*Work item:*
Would you copy exactly the lines in the data below from the one that has "歯の悩みは誰にも言えず悩んで" through the one that has "Statue de Ngonnso, fondatrice", dropping any pictures?

*Records provided:*
----------

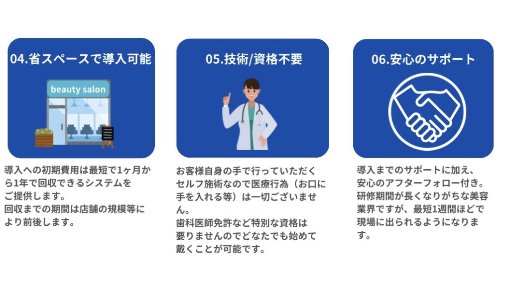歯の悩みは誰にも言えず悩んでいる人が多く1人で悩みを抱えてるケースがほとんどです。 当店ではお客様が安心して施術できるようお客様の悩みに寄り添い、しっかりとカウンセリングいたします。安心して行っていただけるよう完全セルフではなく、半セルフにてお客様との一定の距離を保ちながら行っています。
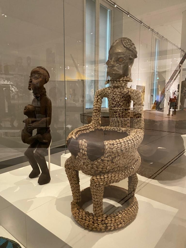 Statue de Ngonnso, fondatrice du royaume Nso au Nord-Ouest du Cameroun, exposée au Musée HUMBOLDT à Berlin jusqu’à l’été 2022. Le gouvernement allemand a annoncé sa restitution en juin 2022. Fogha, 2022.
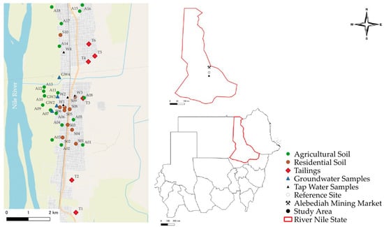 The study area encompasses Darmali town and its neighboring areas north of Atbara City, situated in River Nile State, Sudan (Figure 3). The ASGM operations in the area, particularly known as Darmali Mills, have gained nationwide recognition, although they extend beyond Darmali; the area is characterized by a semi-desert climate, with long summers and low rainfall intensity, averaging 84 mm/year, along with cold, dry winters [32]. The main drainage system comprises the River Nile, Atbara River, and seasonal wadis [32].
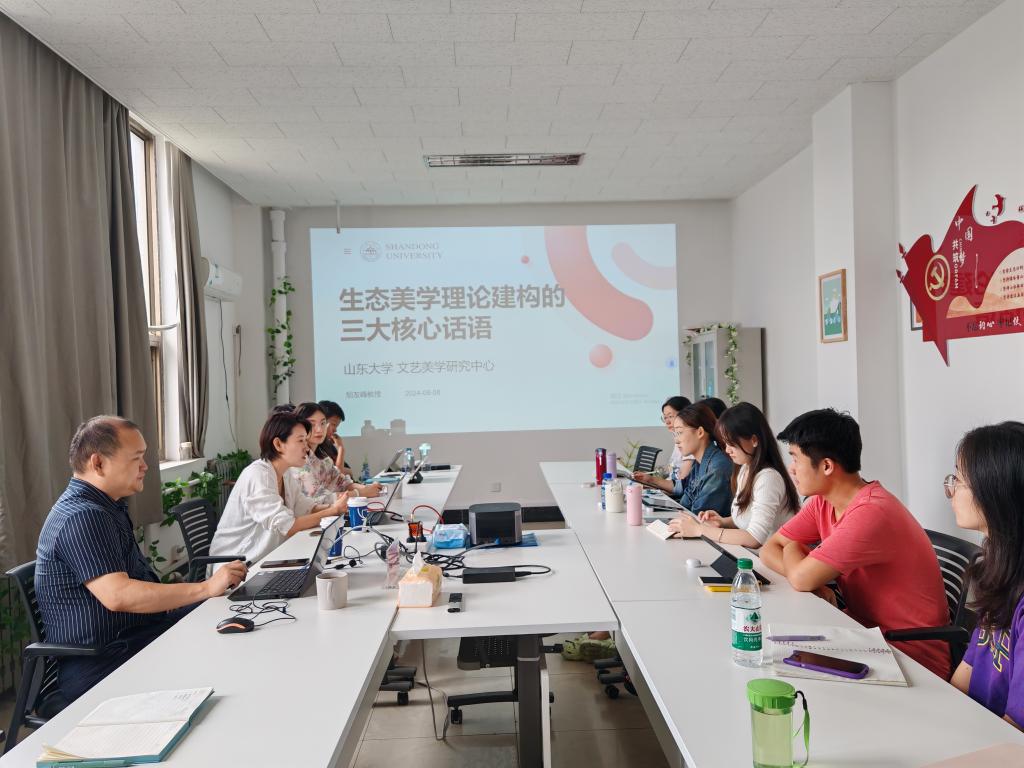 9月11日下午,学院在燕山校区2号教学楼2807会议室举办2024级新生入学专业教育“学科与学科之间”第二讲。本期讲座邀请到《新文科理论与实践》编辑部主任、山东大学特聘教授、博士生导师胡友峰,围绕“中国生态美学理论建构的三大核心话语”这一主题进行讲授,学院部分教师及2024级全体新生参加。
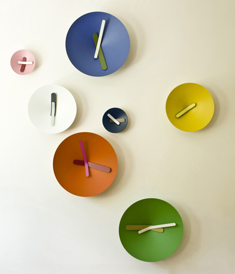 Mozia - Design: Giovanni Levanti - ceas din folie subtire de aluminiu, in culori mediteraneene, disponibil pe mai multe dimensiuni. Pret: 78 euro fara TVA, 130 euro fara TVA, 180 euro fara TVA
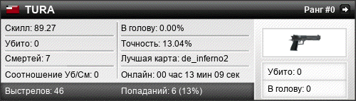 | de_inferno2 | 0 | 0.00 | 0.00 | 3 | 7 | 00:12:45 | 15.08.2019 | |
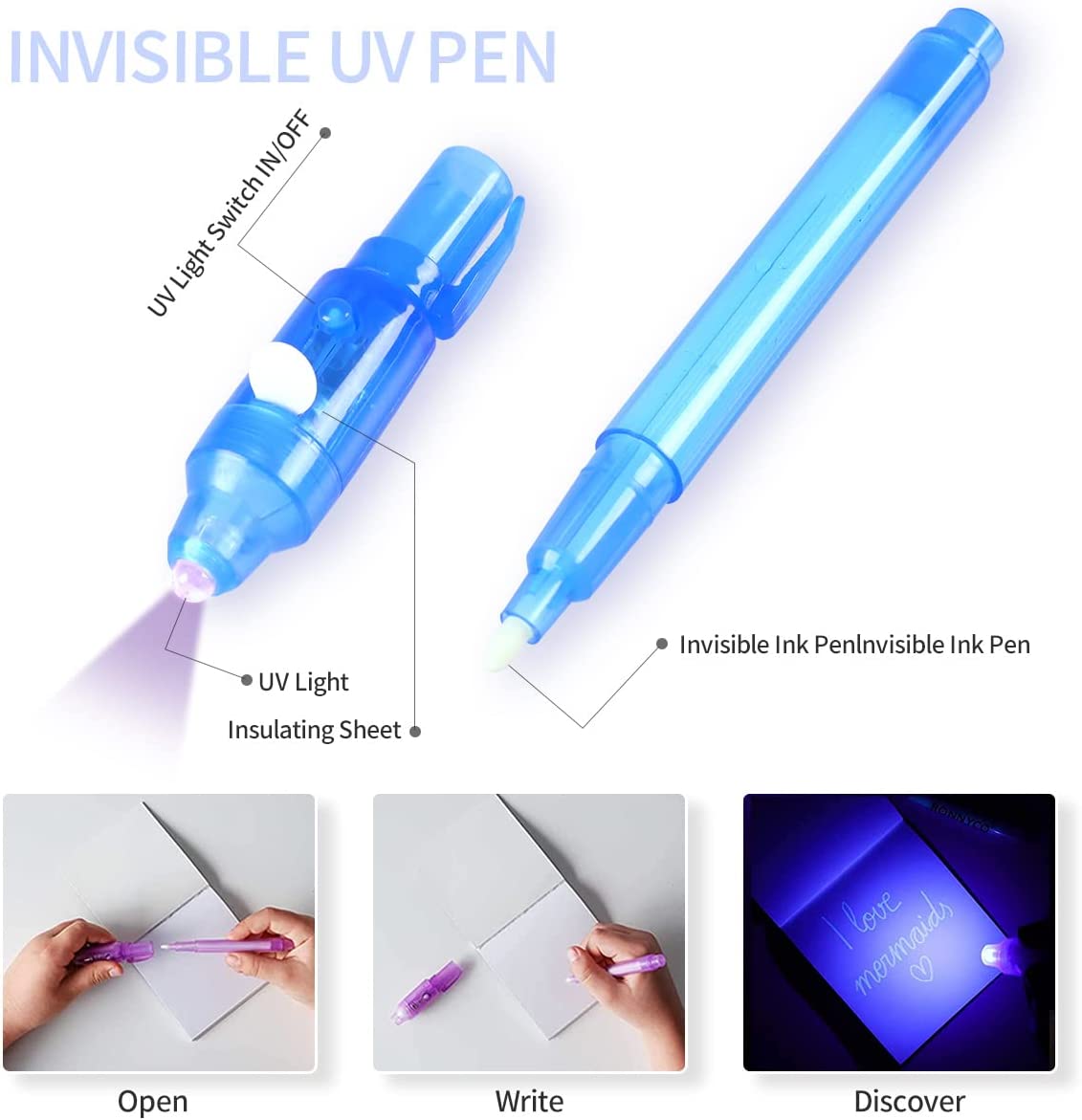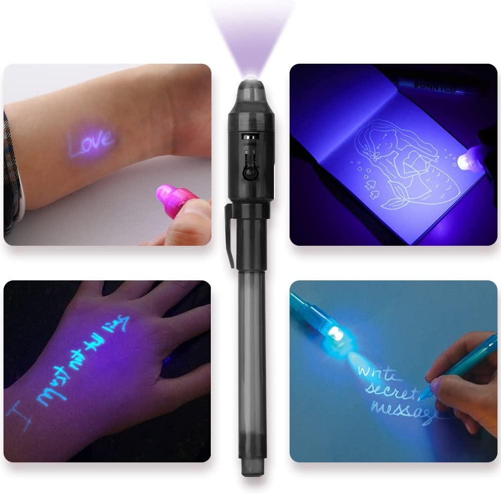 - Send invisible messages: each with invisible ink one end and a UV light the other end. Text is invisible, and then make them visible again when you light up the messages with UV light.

----------

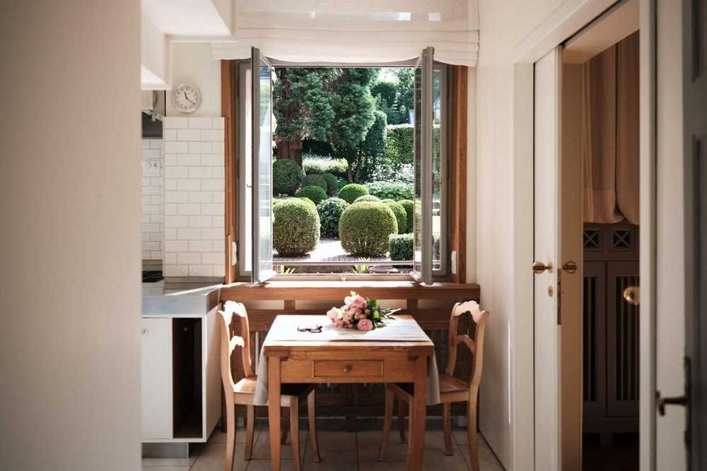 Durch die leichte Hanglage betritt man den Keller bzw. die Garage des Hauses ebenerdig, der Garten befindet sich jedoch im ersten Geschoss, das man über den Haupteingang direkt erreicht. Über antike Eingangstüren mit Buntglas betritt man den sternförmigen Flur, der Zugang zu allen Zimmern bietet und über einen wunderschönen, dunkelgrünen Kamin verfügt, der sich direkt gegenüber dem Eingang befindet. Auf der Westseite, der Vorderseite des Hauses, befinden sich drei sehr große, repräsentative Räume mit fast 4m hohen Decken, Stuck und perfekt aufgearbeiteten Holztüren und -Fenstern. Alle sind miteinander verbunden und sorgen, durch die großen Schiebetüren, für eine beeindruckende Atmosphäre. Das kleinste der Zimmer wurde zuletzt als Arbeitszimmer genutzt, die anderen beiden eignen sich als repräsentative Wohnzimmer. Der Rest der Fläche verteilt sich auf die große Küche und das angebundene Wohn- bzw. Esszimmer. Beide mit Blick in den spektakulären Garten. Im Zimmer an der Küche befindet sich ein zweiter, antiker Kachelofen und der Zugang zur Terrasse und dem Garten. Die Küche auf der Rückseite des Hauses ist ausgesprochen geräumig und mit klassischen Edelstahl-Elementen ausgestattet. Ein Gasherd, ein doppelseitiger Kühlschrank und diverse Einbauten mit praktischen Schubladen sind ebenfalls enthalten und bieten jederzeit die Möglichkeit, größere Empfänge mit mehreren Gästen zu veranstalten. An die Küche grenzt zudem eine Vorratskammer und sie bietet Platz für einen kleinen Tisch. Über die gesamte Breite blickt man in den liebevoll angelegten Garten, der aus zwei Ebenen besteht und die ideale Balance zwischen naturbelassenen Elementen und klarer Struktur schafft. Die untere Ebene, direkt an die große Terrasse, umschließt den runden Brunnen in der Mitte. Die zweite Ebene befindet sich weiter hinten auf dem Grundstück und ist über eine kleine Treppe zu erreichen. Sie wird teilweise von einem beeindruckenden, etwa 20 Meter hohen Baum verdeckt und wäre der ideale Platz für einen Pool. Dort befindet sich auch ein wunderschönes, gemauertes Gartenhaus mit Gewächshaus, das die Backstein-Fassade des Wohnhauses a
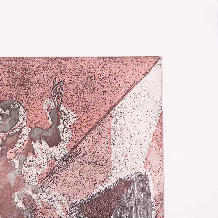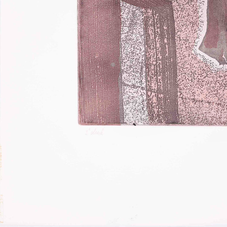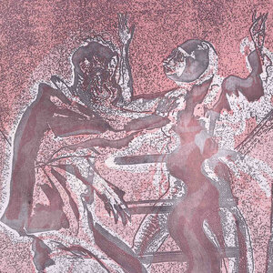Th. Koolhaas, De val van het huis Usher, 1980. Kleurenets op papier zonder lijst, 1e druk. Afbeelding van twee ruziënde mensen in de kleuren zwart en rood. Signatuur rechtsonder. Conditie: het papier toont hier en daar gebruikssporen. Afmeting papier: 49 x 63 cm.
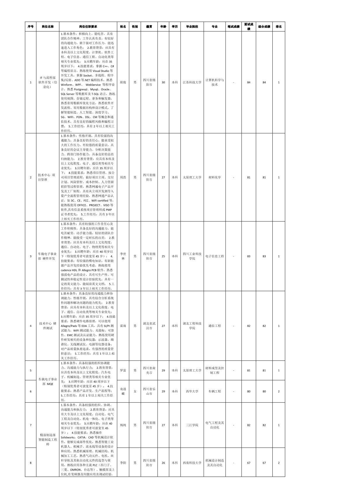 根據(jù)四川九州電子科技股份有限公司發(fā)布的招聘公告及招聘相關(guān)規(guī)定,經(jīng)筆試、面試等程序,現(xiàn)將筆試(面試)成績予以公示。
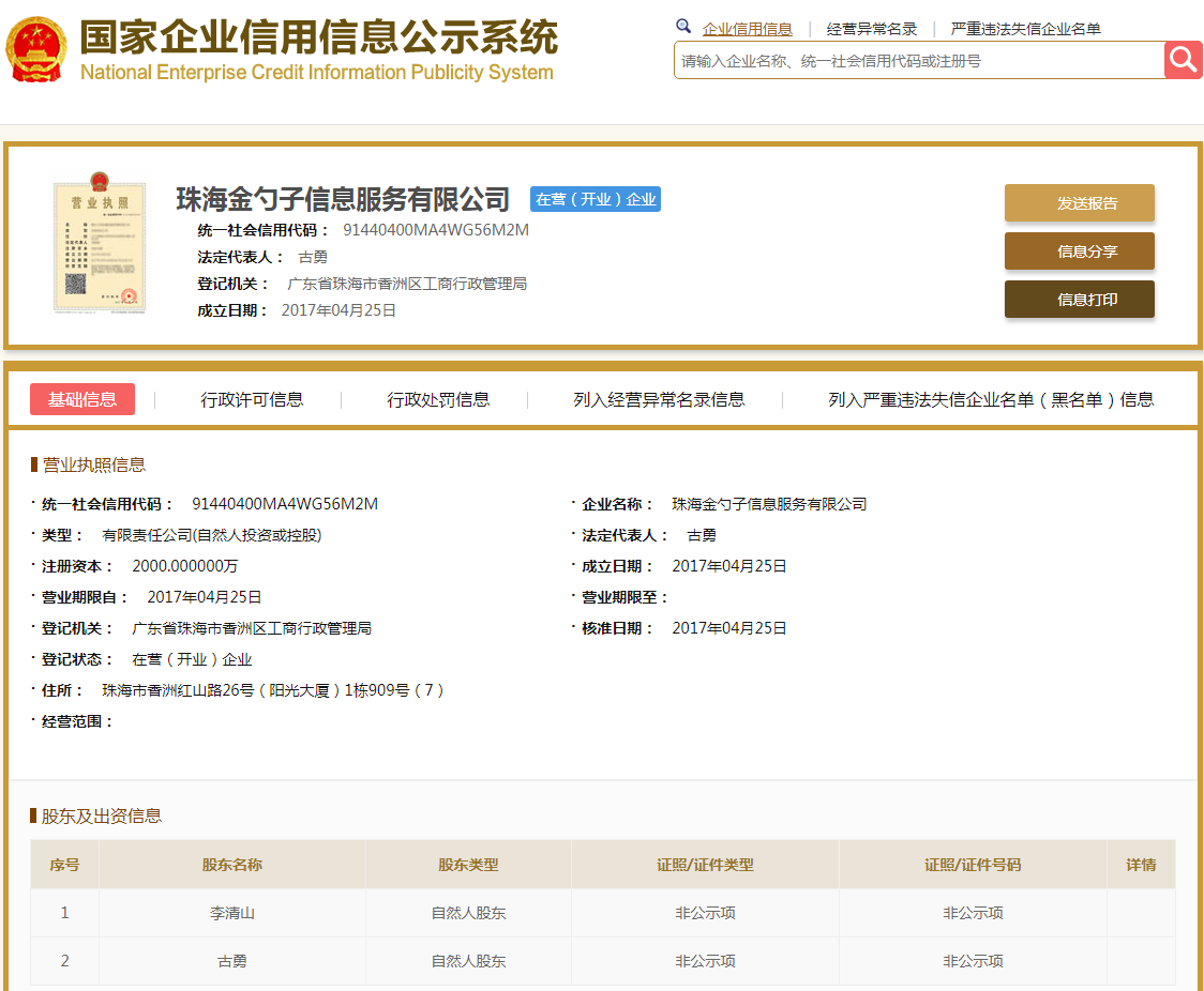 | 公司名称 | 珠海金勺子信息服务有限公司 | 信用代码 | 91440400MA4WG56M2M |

----------

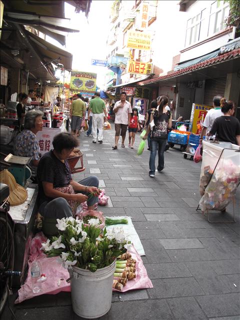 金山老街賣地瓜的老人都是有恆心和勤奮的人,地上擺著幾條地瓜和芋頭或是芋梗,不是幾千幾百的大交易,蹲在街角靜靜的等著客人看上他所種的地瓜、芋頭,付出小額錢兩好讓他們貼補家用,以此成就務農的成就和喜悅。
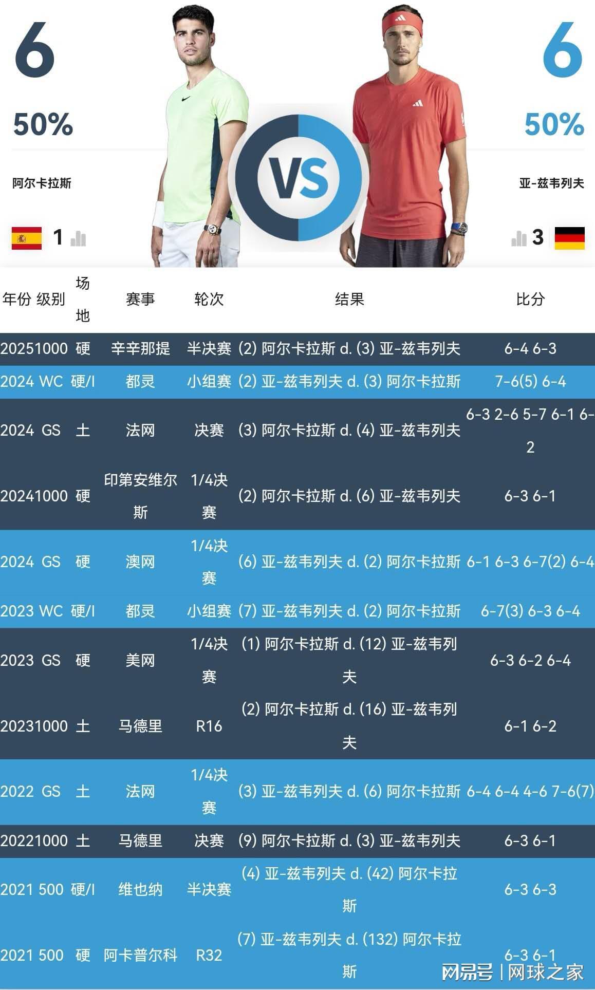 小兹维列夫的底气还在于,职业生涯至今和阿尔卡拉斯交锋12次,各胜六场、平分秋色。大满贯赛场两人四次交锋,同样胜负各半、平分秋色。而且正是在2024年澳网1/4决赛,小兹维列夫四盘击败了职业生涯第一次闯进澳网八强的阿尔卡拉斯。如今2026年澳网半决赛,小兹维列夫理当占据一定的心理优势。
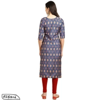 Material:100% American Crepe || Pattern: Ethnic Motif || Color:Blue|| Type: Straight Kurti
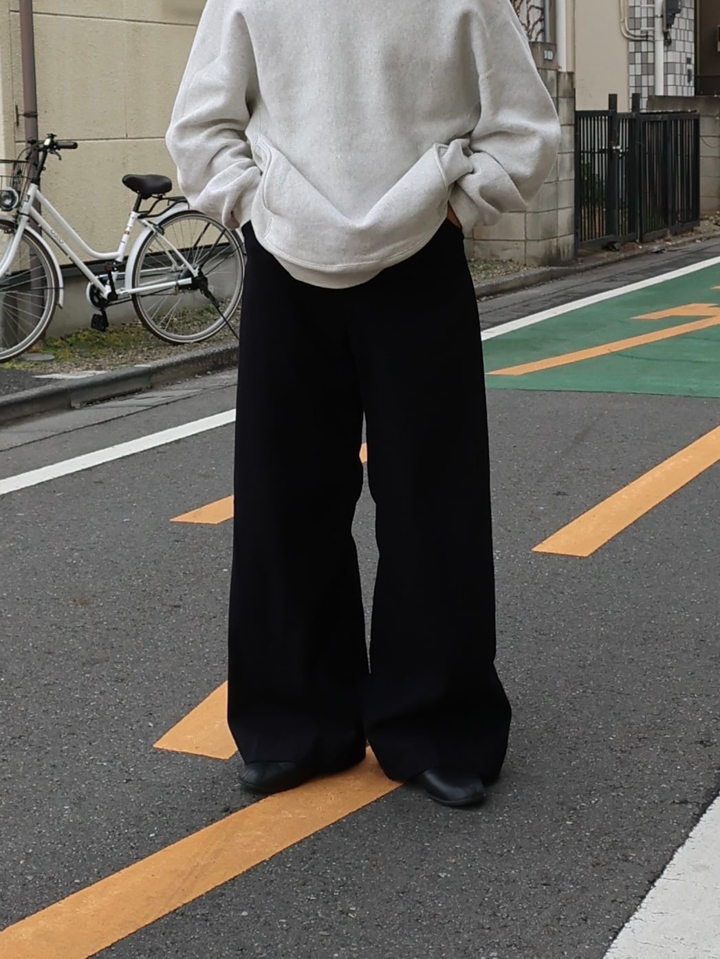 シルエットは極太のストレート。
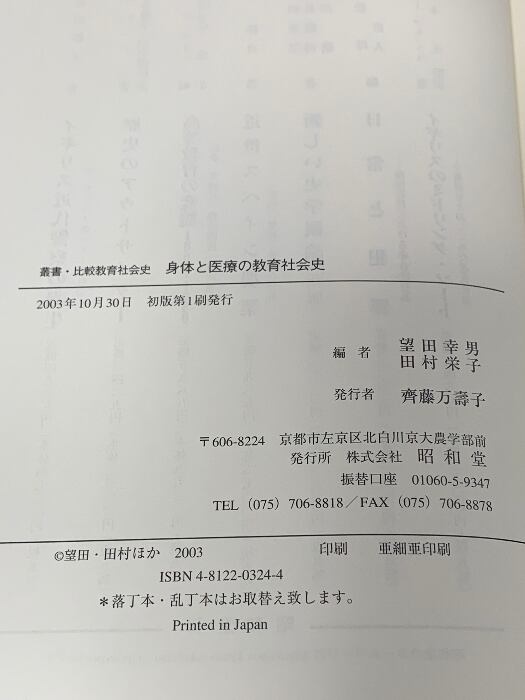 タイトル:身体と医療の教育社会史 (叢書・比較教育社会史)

----------

*Response to the task:*
歯の悩みは誰にも言えず悩んでいる人が多く1人で悩みを抱えてるケースがほとんどです。 当店ではお客様が安心して施術できるようお客様の悩みに寄り添い、しっかりとカウンセリングいたします。安心して行っていただけるよう完全セルフではなく、半セルフにてお客様との一定の距離を保ちながら行っています。
 Statue de Ngonnso, fondatrice du royaume Nso au Nord-Ouest du Cameroun, exposée au Musée HUMBOLDT à Berlin jusqu’à l’été 2022. Le gouvernement allemand a annoncé sa restitution en juin 2022. Fogha, 2022.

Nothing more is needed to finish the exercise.